> Task to complete:
From the data below, please reproduce exactly everything from the line that contains "Фото туалетов снаружи" down to the line that contains "Portable lighting set", with both ends included.

> Source material:
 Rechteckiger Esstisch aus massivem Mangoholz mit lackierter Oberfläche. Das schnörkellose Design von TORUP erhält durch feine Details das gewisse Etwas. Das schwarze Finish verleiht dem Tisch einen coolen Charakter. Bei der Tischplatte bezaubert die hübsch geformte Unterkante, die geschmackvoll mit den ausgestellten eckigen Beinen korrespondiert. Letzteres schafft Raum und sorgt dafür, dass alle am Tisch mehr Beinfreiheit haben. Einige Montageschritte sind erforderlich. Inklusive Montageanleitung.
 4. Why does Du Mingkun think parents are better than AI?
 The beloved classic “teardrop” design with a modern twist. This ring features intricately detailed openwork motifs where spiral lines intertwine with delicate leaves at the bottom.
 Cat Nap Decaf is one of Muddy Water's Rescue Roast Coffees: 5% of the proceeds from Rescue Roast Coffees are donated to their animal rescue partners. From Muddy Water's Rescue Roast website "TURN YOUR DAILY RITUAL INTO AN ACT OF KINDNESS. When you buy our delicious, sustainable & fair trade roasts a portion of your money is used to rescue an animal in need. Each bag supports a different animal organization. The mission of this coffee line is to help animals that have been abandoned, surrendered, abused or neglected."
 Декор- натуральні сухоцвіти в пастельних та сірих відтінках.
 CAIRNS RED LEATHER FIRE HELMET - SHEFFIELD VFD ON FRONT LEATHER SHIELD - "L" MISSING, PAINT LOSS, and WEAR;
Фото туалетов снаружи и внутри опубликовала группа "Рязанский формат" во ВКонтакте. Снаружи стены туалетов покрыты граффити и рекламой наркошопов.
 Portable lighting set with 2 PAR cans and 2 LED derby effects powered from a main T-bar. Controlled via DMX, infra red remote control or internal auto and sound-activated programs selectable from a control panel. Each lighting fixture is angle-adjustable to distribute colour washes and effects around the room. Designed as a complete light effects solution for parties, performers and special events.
--
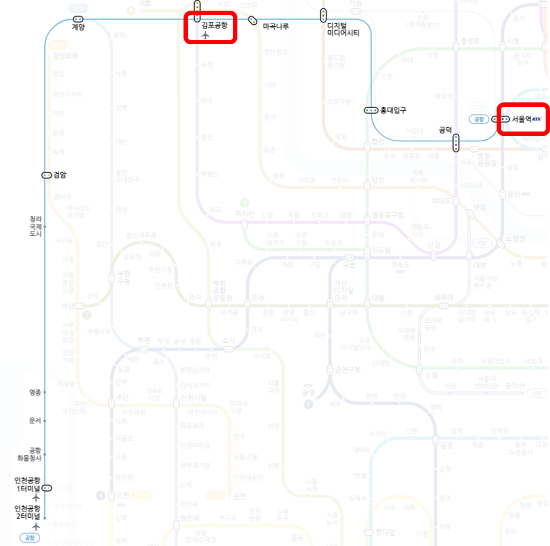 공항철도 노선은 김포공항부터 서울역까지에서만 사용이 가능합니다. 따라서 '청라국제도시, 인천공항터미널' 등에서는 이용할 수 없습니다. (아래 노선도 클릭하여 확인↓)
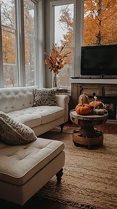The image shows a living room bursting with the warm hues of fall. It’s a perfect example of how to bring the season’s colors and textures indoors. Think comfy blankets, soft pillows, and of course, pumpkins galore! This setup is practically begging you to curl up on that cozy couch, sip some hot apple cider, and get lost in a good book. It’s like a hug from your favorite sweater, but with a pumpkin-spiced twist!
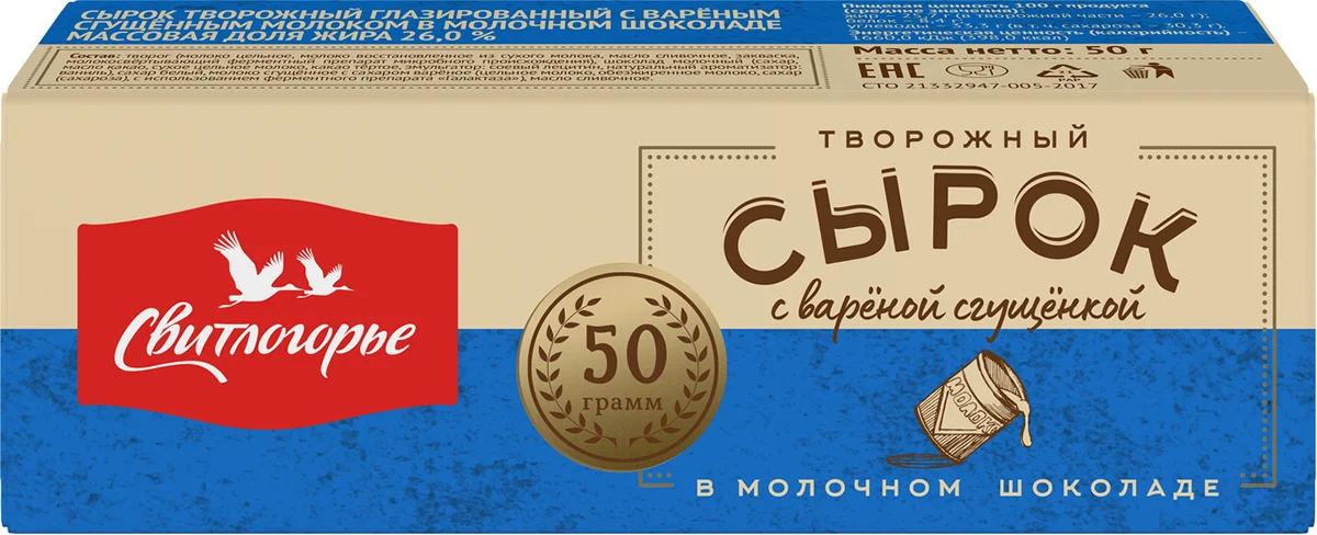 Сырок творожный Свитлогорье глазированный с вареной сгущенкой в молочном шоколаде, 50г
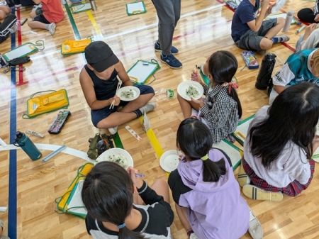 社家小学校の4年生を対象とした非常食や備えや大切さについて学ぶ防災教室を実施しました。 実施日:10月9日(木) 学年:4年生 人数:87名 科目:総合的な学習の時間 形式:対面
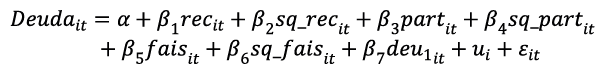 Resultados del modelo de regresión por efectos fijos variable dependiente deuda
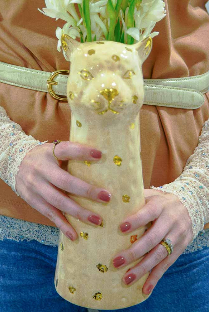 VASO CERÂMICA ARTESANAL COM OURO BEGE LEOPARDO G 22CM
--
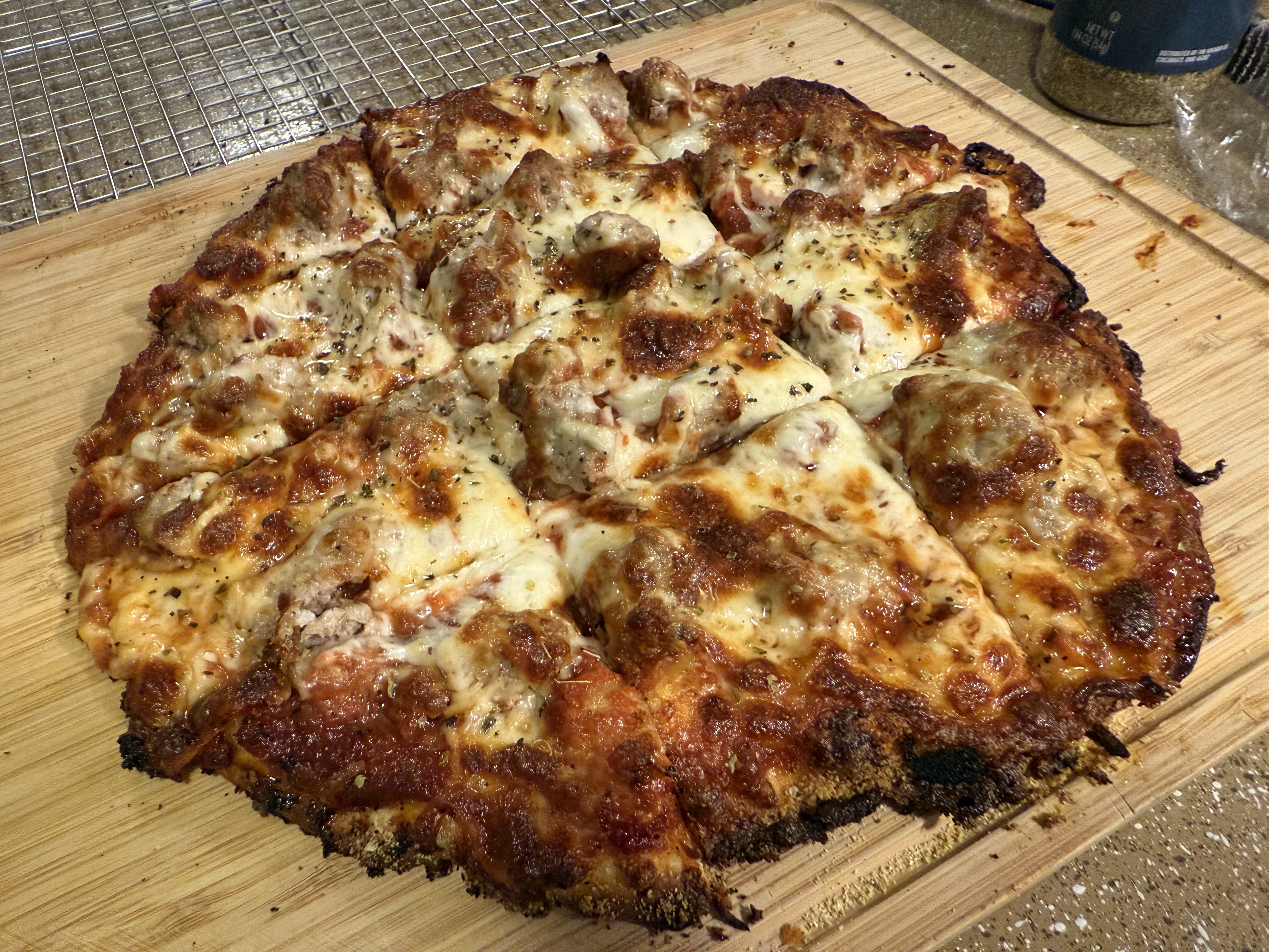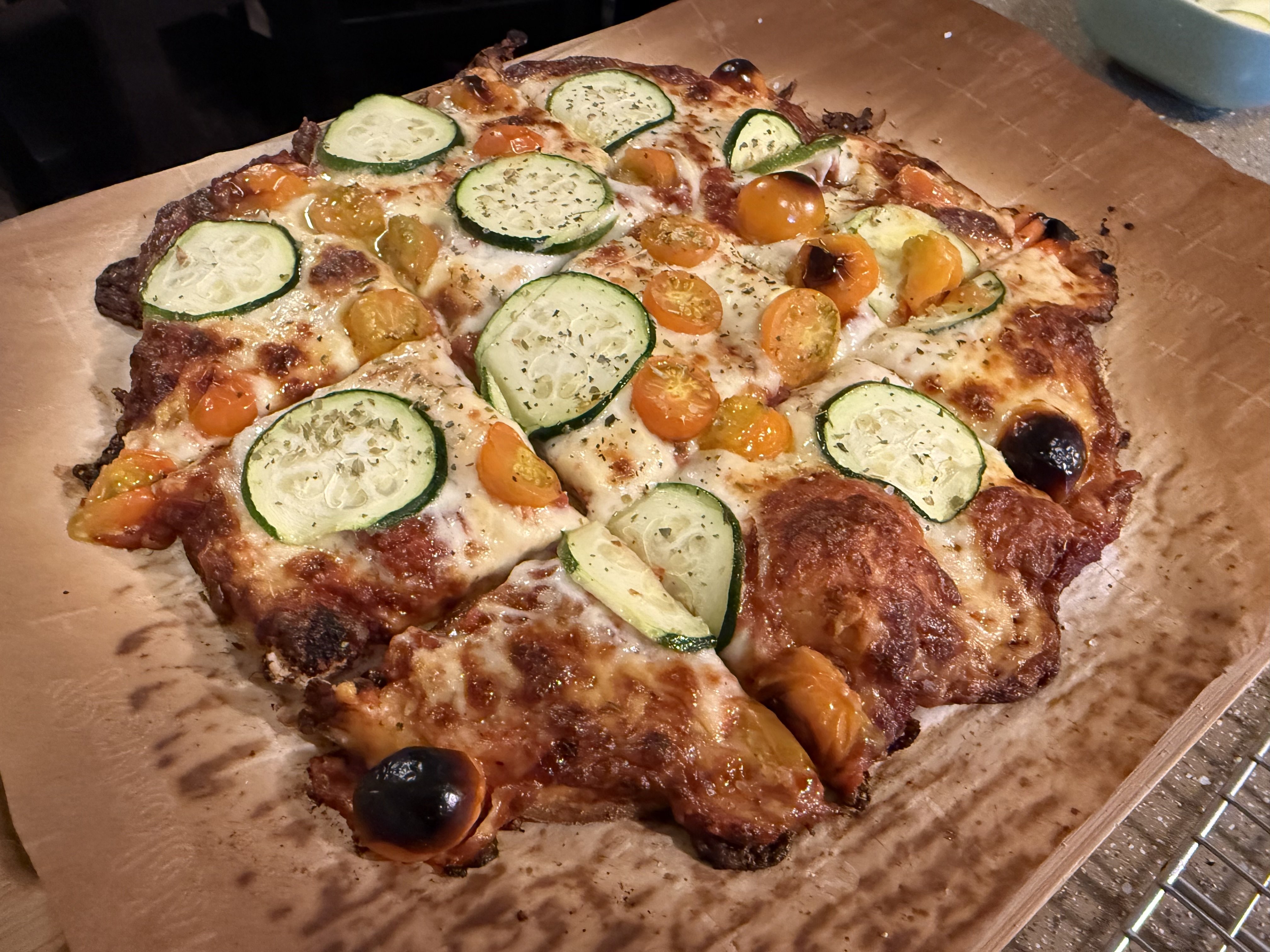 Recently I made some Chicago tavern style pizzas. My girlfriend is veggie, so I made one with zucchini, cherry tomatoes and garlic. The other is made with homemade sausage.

> Answer section:
Фото туалетов снаружи и внутри опубликовала группа "Рязанский формат" во ВКонтакте. Снаружи стены туалетов покрыты граффити и рекламой наркошопов.
 Portable lighting set with 2 PAR cans and 2 LED derby effects powered from a main T-bar. Controlled via DMX, infra red remote control or internal auto and sound-activated programs selectable from a control panel. Each lighting fixture is angle-adjustable to distribute colour washes and effects around the room. Designed as a complete light effects solution for parties, performers and special events.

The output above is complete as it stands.